▸ **Work required**
Without including any pictures, write out the listing below exactly.

▸ **Data provided**
________________

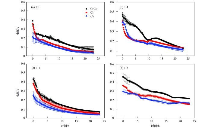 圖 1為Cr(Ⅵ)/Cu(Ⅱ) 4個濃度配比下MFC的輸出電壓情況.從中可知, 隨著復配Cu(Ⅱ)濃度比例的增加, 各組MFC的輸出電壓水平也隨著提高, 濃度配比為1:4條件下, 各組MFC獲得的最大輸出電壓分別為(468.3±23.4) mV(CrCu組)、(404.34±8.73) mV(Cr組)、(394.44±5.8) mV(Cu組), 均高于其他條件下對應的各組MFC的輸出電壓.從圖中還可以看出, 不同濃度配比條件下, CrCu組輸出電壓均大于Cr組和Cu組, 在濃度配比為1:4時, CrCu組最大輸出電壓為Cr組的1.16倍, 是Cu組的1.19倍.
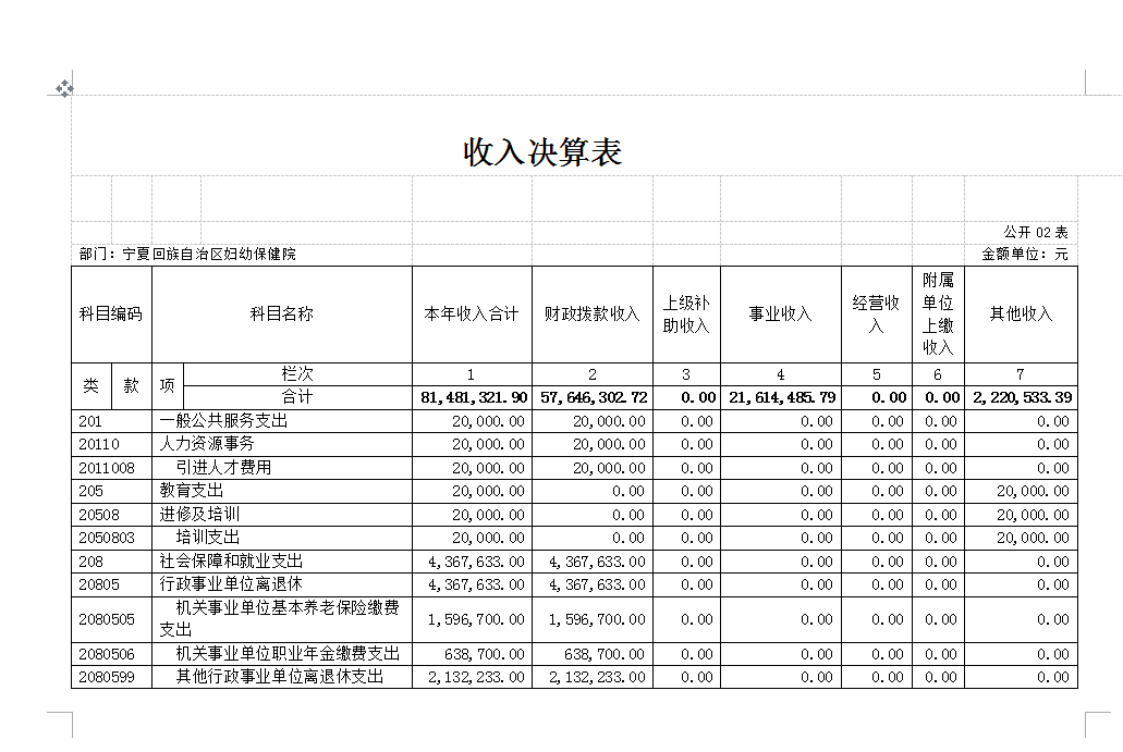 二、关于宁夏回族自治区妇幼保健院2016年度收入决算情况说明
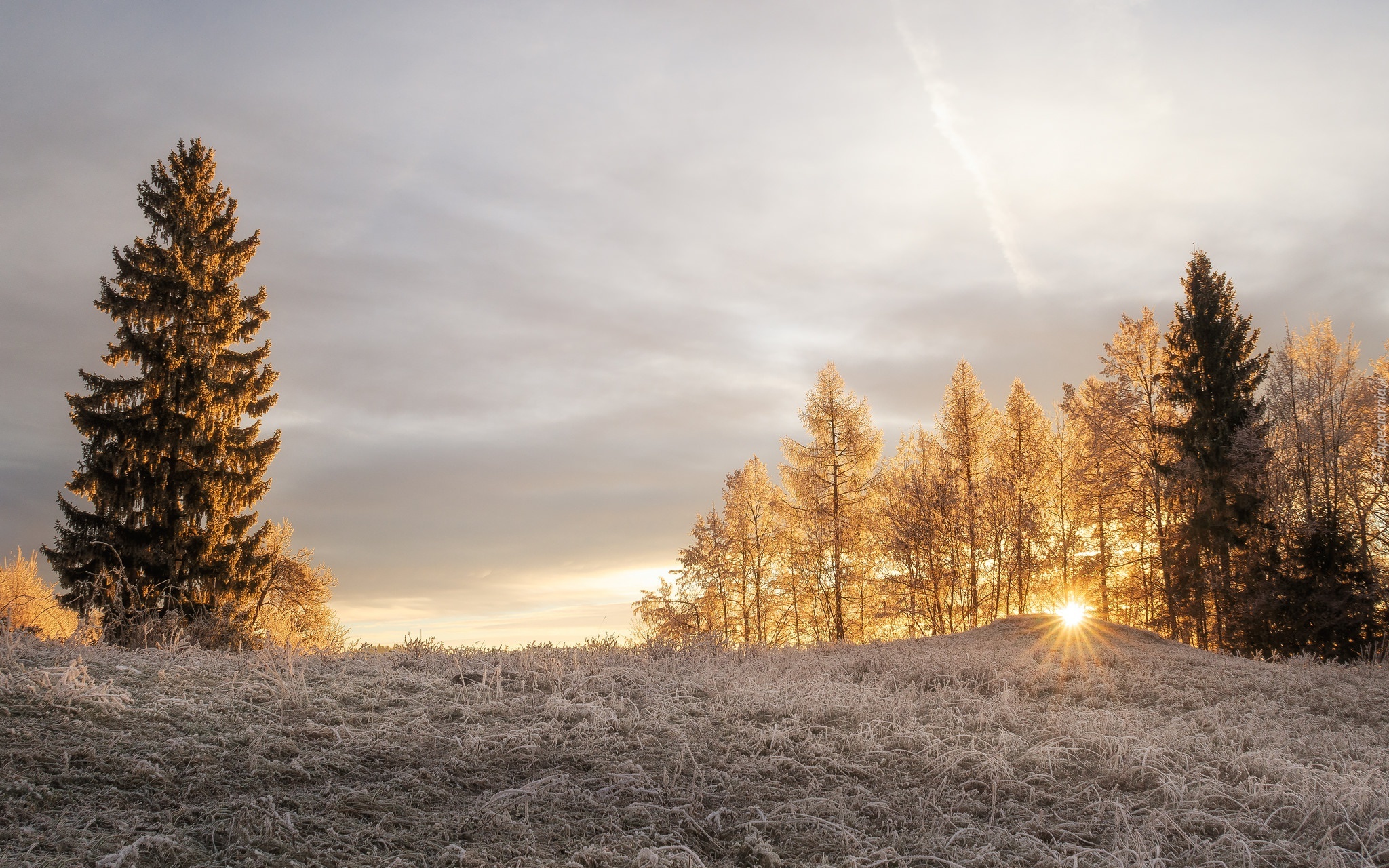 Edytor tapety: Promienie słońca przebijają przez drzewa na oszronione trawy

________________

▸ **Response to this exercise**
 圖 1為Cr(Ⅵ)/Cu(Ⅱ) 4個濃度配比下MFC的輸出電壓情況.從中可知, 隨著復配Cu(Ⅱ)濃度比例的增加, 各組MFC的輸出電壓水平也隨著提高, 濃度配比為1:4條件下, 各組MFC獲得的最大輸出電壓分別為(468.3±23.4) mV(CrCu組)、(404.34±8.73) mV(Cr組)、(394.44±5.8) mV(Cu組), 均高于其他條件下對應的各組MFC的輸出電壓.從圖中還可以看出, 不同濃度配比條件下, CrCu組輸出電壓均大于Cr組和Cu組, 在濃度配比為1:4時, CrCu組最大輸出電壓為Cr組的1.16倍, 是Cu組的1.19倍.
 二、关于宁夏回族自治区妇幼保健院2016年度收入决算情况说明
 Edytor tapety: Promienie słońca przebijają przez drzewa na oszronione trawy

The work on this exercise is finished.